(REQUIRED ACTION)
Print only the lines from the one with "The Surfers Pinball" through the end of the data, exactly, and please omit pictures.

(Dataset excerpts)
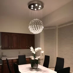Bring a touch of luxury to your dining room with the Sphere Raindrop Crystal Chandelier Ceiling Lights. Crafted from an intricate combination of high-quality crystals, this chandelier adds elegance to any space. The warm, ambient glow creates a beautiful atmosphere that will leave your guests in awe.
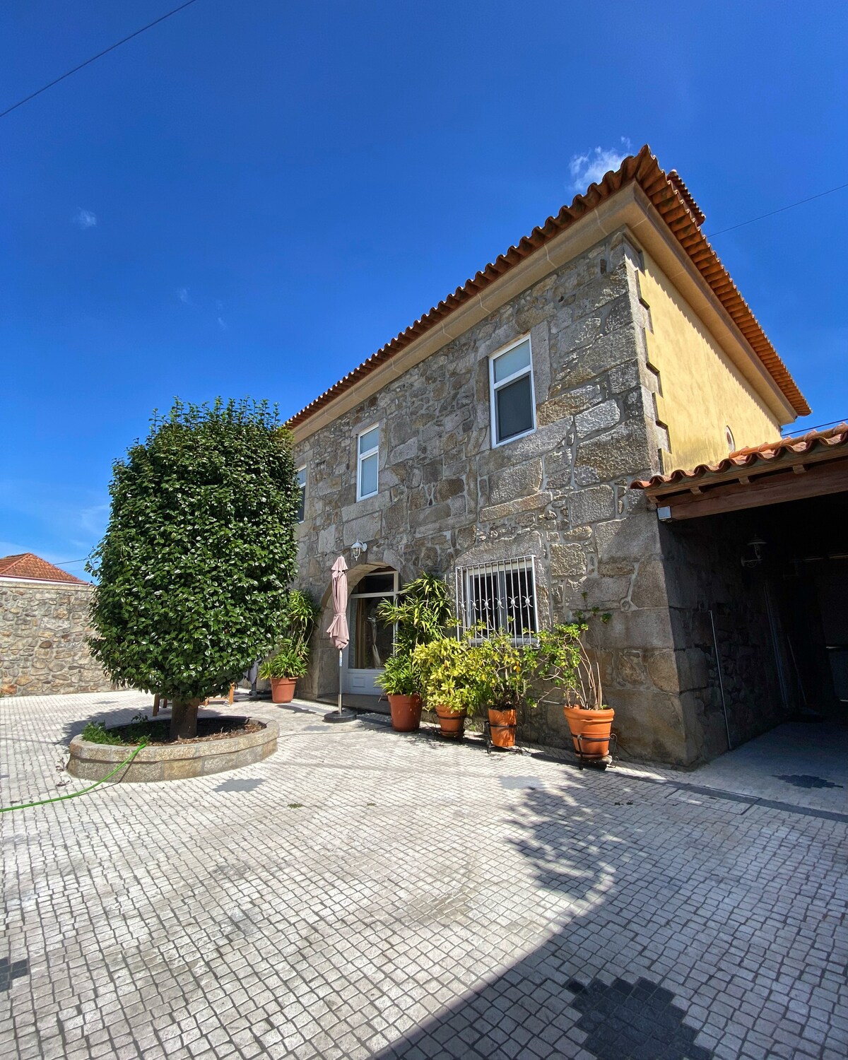 Très grande maison rustique, en pleine campagne, avec plus de 300 m2, 4 chambres spacieuses, une grande cuisine, un salon (1er étage) et un salon de fêtes (rez-de-chaussez). Autour, un très grand champs, des animaux de ferme, une vigne, un potager avec arbres de fruits. La maison est idéale pour de grands groupes d’amis ou familles(jusqu'a 9 personnnes) avec voiture. Les villes proches sont Famalicão, Barcelos, Braga, Vila do Conde et Guimarães. Repos, tranquillité et nature sont au rendez-vous.
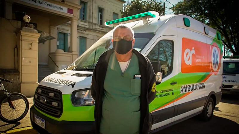 "Hace cuatro años que soy chofer de ambulancia. Antes de la pandemia nos dedicábamos a los traslados de pacientes que se tenían que hacerse estudios como tomografías o resonancias en los centros asistenciales de Gualeguaychú. Ahora estamos dedicados de lleno a los pacientes covid. Todos los días, el operador del 107 nos indica si vamos a domicilio, al consultorio febril, al hotel o a otro centro, y nosotros cumplimos en llevarlo", describe Horacio, el más grande del equipo, minutos después de bajarse de la ambulancia, en el ingreso de la calle Pasteur.
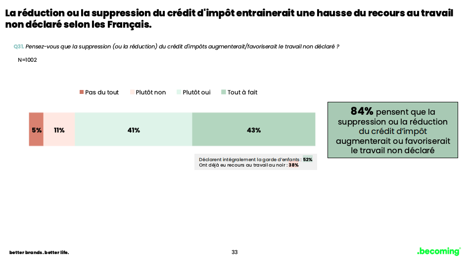L’étude montre que l’amélioration du taux de déclaration dans l’aide à domicile est fragile. Une baisse du crédit d’impôt (de 50% à 40% par exemple), pourrait provoquer un recul rapide de cette dynamique : 41% des clients actuels réduiraient les heures et 23% renonceraient complètement au service. La suppression pure et simple du crédit d’impôt entraînerait, selon 84% des Français, une explosion du travail non déclaré.
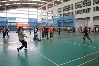 此次比赛分为男单、女单,男双、女双和混双三类项目。随着各方参赛人员到达各自的比赛场地,激烈的角逐正式开始。单打注重考察自身实力,二人对战,只见球在分隔线间来回穿梭;双打则需考察合作能力,赢得的不仅是技术,更是搭档的默契配合。参赛者们飞扬的身影尽显青春的热力,那一阵一阵的击球声如鼓点般将诺大的场馆震慑沸腾。场面激烈壮观,在场观众屏息凝神,目光追随着羽毛球的来回跳跃,精彩之处,更是掌声四起。从小组赛到半决赛、决赛,比赛一场比一场精彩、一场比一场激烈,参赛选手们在汗水中绽放了青春光彩。
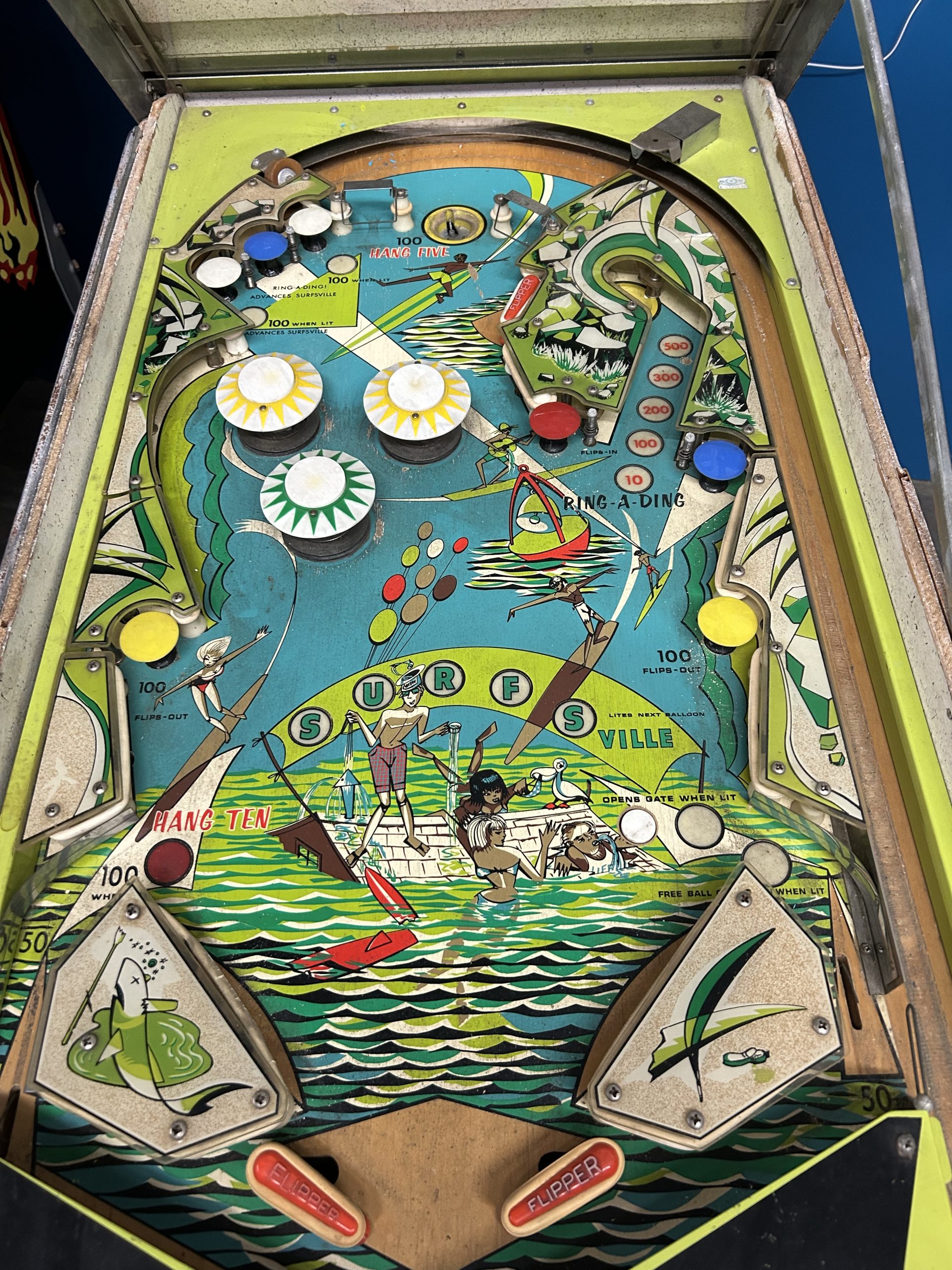 The Surfers Pinball Machine was made in 1967 by Bally
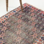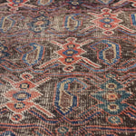 The Afshar tribe migrated to Iran in the 11th century, and settled in the southern regions. Their distinctive rug designs are known for geometric patterns characterised by a central medallion and oversized corner details. Nature-inspired elements like paisley (representing leaves) and stylised bird motifs can often be spotted in these rugs, and the palettes are typically warm and earthy, reflecting the surrounding landscape. The reds were achieved with madder root and the deep blues with indigo plants, while light brown accents are often undyed camel hair.
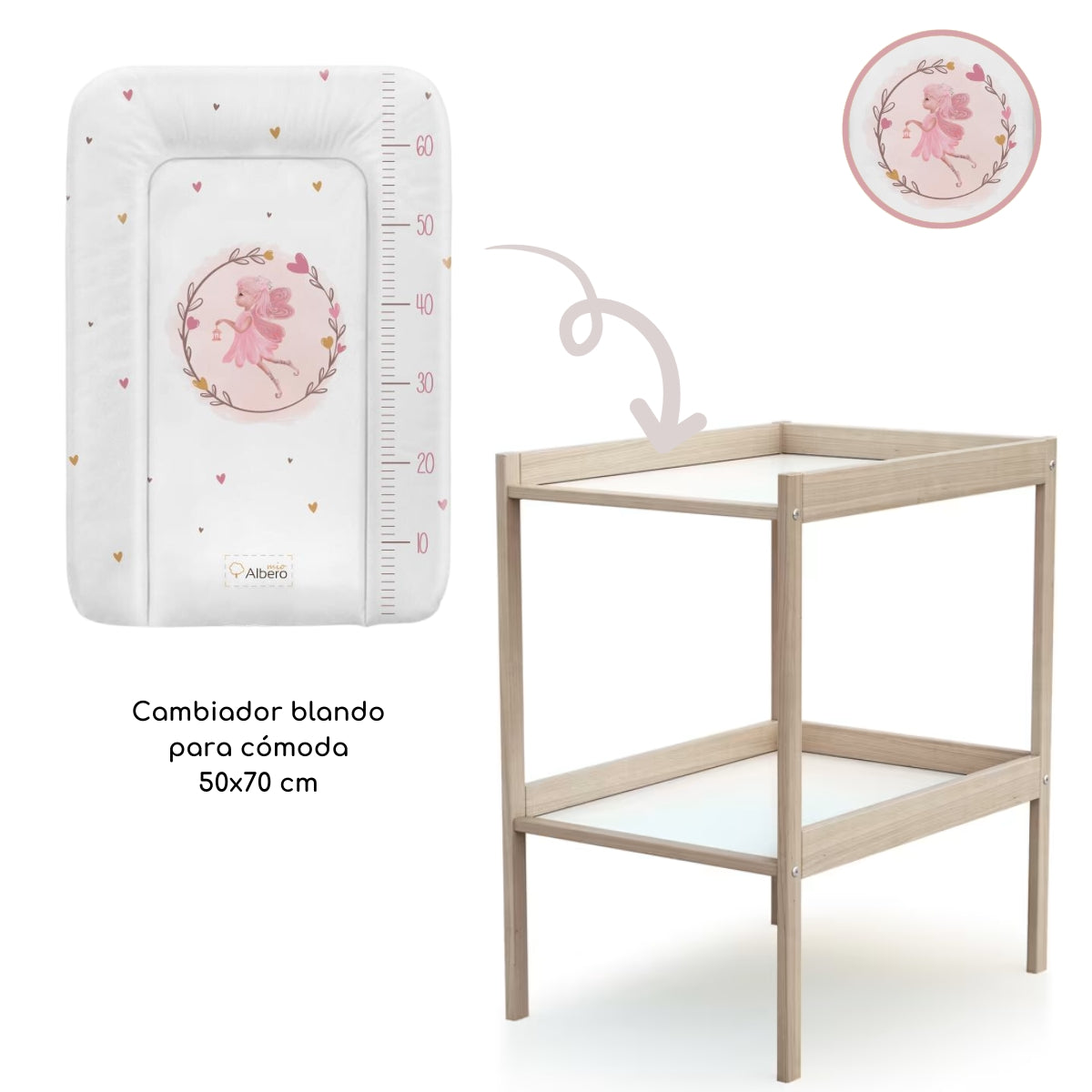Diseño Práctico: Con un tamaño de 70x50 cm (+/- 1 cm), se adapta perfectamente a cómodas y otros muebles de cambio.

(WORKED SOLUTION)
 The Surfers Pinball Machine was made in 1967 by Bally
 The Afshar tribe migrated to Iran in the 11th century, and settled in the southern regions. Their distinctive rug designs are known for geometric patterns characterised by a central medallion and oversized corner details. Nature-inspired elements like paisley (representing leaves) and stylised bird motifs can often be spotted in these rugs, and the palettes are typically warm and earthy, reflecting the surrounding landscape. The reds were achieved with madder root and the deep blues with indigo plants, while light brown accents are often undyed camel hair.
Diseño Práctico: Con un tamaño de 70x50 cm (+/- 1 cm), se adapta perfectamente a cómodas y otros muebles de cambio.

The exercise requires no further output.